[Supplied data — start]

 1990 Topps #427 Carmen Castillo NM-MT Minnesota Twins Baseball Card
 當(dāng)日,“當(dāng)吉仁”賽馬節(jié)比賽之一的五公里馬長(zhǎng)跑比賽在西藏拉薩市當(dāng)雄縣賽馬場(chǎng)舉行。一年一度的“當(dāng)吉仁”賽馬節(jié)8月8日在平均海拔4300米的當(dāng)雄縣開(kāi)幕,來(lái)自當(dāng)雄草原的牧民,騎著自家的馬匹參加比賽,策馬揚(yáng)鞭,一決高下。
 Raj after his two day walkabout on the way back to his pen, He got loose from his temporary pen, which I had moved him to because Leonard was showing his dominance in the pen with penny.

[Supplied data — finish]
[Supplied data — start]

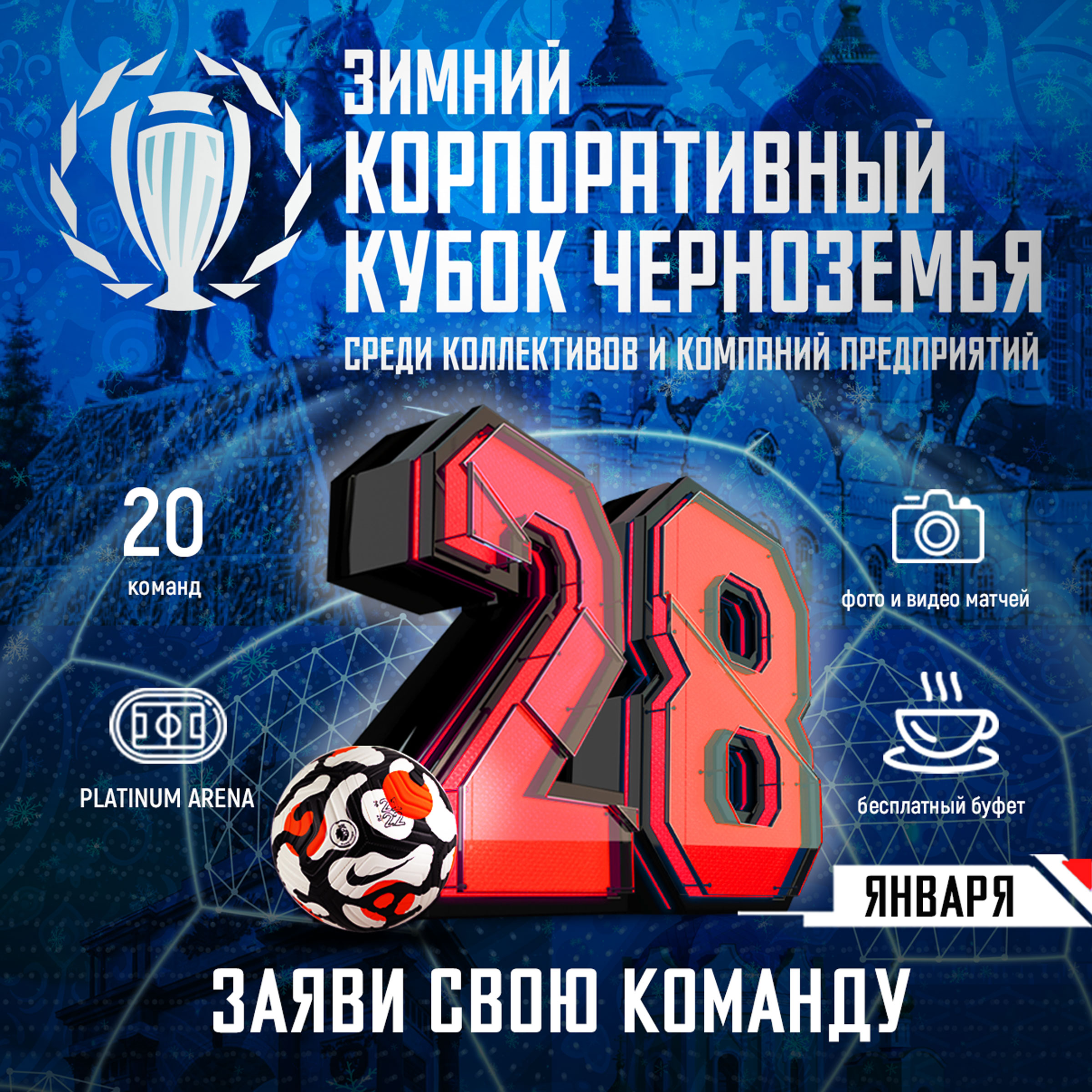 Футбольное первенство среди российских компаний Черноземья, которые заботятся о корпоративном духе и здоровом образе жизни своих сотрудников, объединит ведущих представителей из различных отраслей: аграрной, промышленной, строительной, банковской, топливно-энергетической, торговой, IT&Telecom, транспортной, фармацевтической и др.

[Supplied data — finish]
[Supplied data — start]

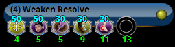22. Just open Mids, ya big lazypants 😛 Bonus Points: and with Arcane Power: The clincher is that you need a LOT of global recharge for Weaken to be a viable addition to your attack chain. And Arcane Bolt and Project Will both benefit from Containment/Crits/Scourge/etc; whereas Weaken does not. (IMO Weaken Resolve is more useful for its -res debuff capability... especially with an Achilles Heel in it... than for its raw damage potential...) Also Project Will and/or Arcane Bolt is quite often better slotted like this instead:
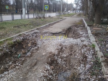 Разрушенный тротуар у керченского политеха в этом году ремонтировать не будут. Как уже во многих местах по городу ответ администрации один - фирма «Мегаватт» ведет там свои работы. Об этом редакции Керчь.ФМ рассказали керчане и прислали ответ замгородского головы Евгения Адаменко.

[Supplied data — finish]

- _Task requirements_: All lines above from the one holding "1990 Topps #427" to the one holding "Raj after his", inclusive, are to be copied exactly; no other line is wanted.

- _Your solution_:
 1990 Topps #427 Carmen Castillo NM-MT Minnesota Twins Baseball Card
 當(dāng)日,“當(dāng)吉仁”賽馬節(jié)比賽之一的五公里馬長(zhǎng)跑比賽在西藏拉薩市當(dāng)雄縣賽馬場(chǎng)舉行。一年一度的“當(dāng)吉仁”賽馬節(jié)8月8日在平均海拔4300米的當(dāng)雄縣開(kāi)幕,來(lái)自當(dāng)雄草原的牧民,騎著自家的馬匹參加比賽,策馬揚(yáng)鞭,一決高下。
 Raj after his two day walkabout on the way back to his pen, He got loose from his temporary pen, which I had moved him to because Leonard was showing his dominance in the pen with penny.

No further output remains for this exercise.